Before writing out the records, remove the pictures; keep everything else exact.

**INPUT FOR THIS TASK**
··········
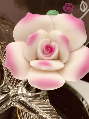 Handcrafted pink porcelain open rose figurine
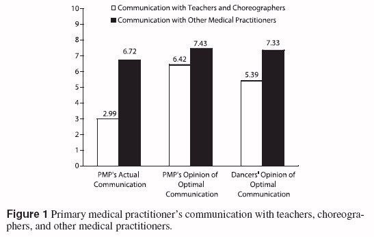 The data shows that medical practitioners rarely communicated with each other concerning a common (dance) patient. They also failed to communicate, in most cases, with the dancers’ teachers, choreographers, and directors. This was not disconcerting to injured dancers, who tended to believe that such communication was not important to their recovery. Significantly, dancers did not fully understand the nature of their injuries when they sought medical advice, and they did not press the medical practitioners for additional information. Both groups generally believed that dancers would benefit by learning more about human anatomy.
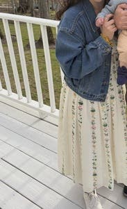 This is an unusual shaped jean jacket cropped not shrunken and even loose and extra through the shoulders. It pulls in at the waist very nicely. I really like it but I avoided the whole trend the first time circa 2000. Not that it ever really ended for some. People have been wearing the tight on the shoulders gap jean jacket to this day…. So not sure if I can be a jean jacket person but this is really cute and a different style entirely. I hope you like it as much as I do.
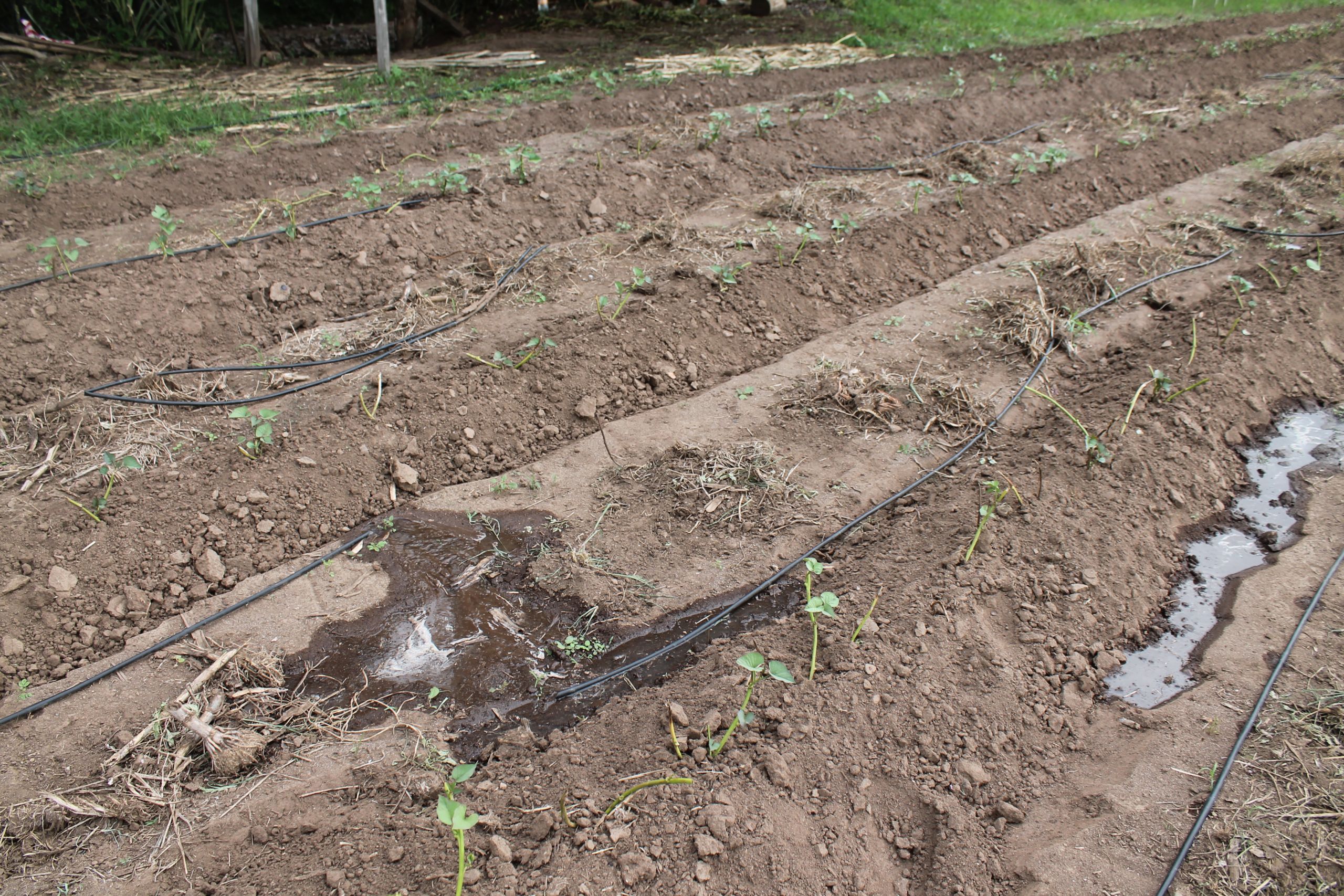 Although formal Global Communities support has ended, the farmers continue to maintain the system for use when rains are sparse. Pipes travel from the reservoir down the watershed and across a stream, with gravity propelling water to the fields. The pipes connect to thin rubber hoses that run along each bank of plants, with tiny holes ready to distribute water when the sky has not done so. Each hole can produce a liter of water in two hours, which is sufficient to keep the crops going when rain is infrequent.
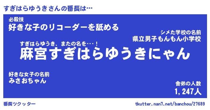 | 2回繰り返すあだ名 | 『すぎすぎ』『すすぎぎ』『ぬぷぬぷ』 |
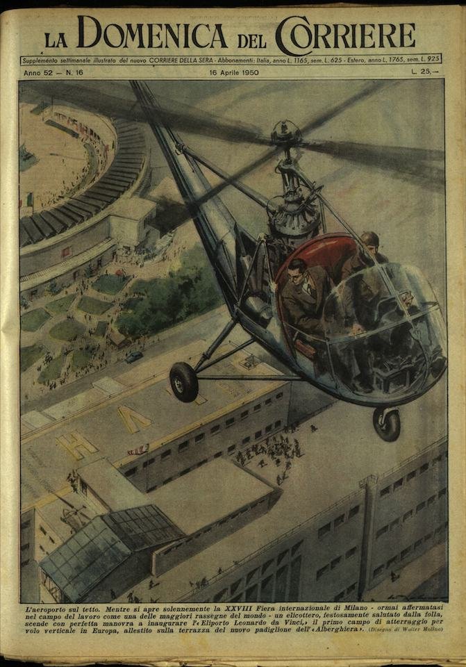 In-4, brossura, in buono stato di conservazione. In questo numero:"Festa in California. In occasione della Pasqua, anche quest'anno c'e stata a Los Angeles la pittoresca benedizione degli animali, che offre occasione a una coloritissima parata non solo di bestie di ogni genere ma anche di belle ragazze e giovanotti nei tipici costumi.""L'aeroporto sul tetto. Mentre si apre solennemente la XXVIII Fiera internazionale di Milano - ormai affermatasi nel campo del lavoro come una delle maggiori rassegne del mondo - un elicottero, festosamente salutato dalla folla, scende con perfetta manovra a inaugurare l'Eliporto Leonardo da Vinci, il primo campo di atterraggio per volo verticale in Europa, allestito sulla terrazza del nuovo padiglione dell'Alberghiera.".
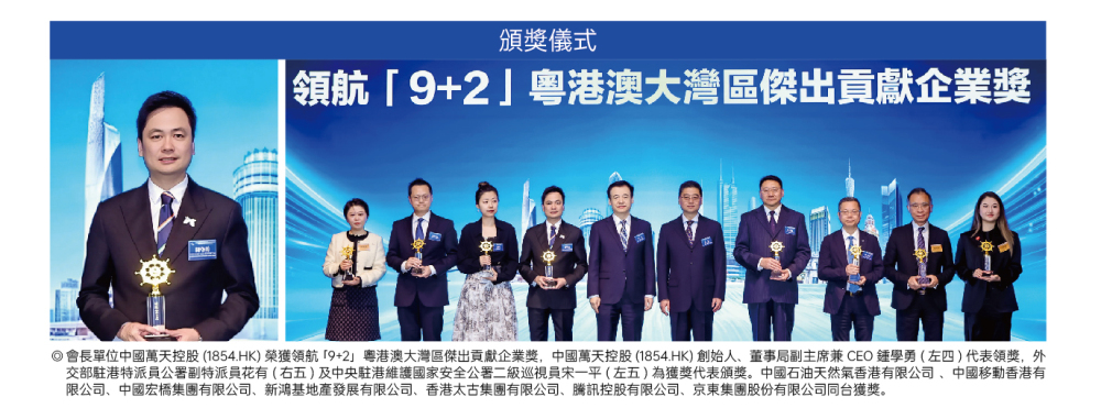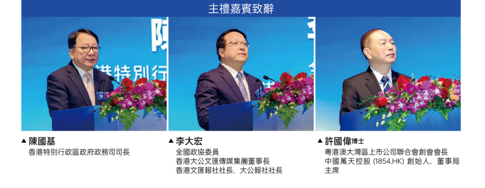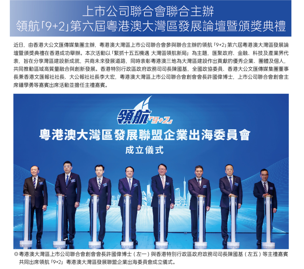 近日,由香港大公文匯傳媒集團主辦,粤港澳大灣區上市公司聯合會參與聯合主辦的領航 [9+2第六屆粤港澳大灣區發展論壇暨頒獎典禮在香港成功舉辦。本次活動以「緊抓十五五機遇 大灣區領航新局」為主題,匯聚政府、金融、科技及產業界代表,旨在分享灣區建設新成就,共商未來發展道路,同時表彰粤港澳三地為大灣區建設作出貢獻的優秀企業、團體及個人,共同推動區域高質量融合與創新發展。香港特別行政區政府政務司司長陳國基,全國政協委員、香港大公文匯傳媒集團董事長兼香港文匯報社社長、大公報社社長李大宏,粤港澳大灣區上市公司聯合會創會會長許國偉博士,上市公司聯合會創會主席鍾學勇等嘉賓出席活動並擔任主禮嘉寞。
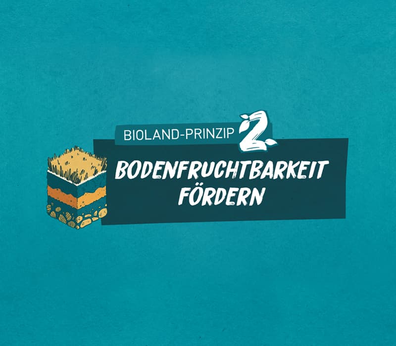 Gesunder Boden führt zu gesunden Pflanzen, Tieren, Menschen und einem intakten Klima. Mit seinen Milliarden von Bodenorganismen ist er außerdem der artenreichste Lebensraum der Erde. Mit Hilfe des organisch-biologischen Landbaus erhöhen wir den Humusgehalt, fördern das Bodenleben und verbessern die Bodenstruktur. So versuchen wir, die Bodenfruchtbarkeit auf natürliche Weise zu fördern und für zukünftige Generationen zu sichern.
··········
**RESPONSE BOX**
 Handcrafted pink porcelain open rose figurine
 The data shows that medical practitioners rarely communicated with each other concerning a common (dance) patient. They also failed to communicate, in most cases, with the dancers’ teachers, choreographers, and directors. This was not disconcerting to injured dancers, who tended to believe that such communication was not important to their recovery. Significantly, dancers did not fully understand the nature of their injuries when they sought medical advice, and they did not press the medical practitioners for additional information. Both groups generally believed that dancers would benefit by learning more about human anatomy.
 This is an unusual shaped jean jacket cropped not shrunken and even loose and extra through the shoulders. It pulls in at the waist very nicely. I really like it but I avoided the whole trend the first time circa 2000. Not that it ever really ended for some. People have been wearing the tight on the shoulders gap jean jacket to this day…. So not sure if I can be a jean jacket person but this is really cute and a different style entirely. I hope you like it as much as I do.
 Although formal Global Communities support has ended, the farmers continue to maintain the system for use when rains are sparse. Pipes travel from the reservoir down the watershed and across a stream, with gravity propelling water to the fields. The pipes connect to thin rubber hoses that run along each bank of plants, with tiny holes ready to distribute water when the sky has not done so. Each hole can produce a liter of water in two hours, which is sufficient to keep the crops going when rain is infrequent.
 | 2回繰り返すあだ名 | 『すぎすぎ』『すすぎぎ』『ぬぷぬぷ』 |
 In-4, brossura, in buono stato di conservazione. In questo numero:"Festa in California. In occasione della Pasqua, anche quest'anno c'e stata a Los Angeles la pittoresca benedizione degli animali, che offre occasione a una coloritissima parata non solo di bestie di ogni genere ma anche di belle ragazze e giovanotti nei tipici costumi.""L'aeroporto sul tetto. Mentre si apre solennemente la XXVIII Fiera internazionale di Milano - ormai affermatasi nel campo del lavoro come una delle maggiori rassegne del mondo - un elicottero, festosamente salutato dalla folla, scende con perfetta manovra a inaugurare l'Eliporto Leonardo da Vinci, il primo campo di atterraggio per volo verticale in Europa, allestito sulla terrazza del nuovo padiglione dell'Alberghiera.".
 近日,由香港大公文匯傳媒集團主辦,粤港澳大灣區上市公司聯合會參與聯合主辦的領航 [9+2第六屆粤港澳大灣區發展論壇暨頒獎典禮在香港成功舉辦。本次活動以「緊抓十五五機遇 大灣區領航新局」為主題,匯聚政府、金融、科技及產業界代表,旨在分享灣區建設新成就,共商未來發展道路,同時表彰粤港澳三地為大灣區建設作出貢獻的優秀企業、團體及個人,共同推動區域高質量融合與創新發展。香港特別行政區政府政務司司長陳國基,全國政協委員、香港大公文匯傳媒集團董事長兼香港文匯報社社長、大公報社社長李大宏,粤港澳大灣區上市公司聯合會創會會長許國偉博士,上市公司聯合會創會主席鍾學勇等嘉賓出席活動並擔任主禮嘉寞。
 Gesunder Boden führt zu gesunden Pflanzen, Tieren, Menschen und einem intakten Klima. Mit seinen Milliarden von Bodenorganismen ist er außerdem der artenreichste Lebensraum der Erde. Mit Hilfe des organisch-biologischen Landbaus erhöhen wir den Humusgehalt, fördern das Bodenleben und verbessern die Bodenstruktur. So versuchen wir, die Bodenfruchtbarkeit auf natürliche Weise zu fördern und für zukünftige Generationen zu sichern.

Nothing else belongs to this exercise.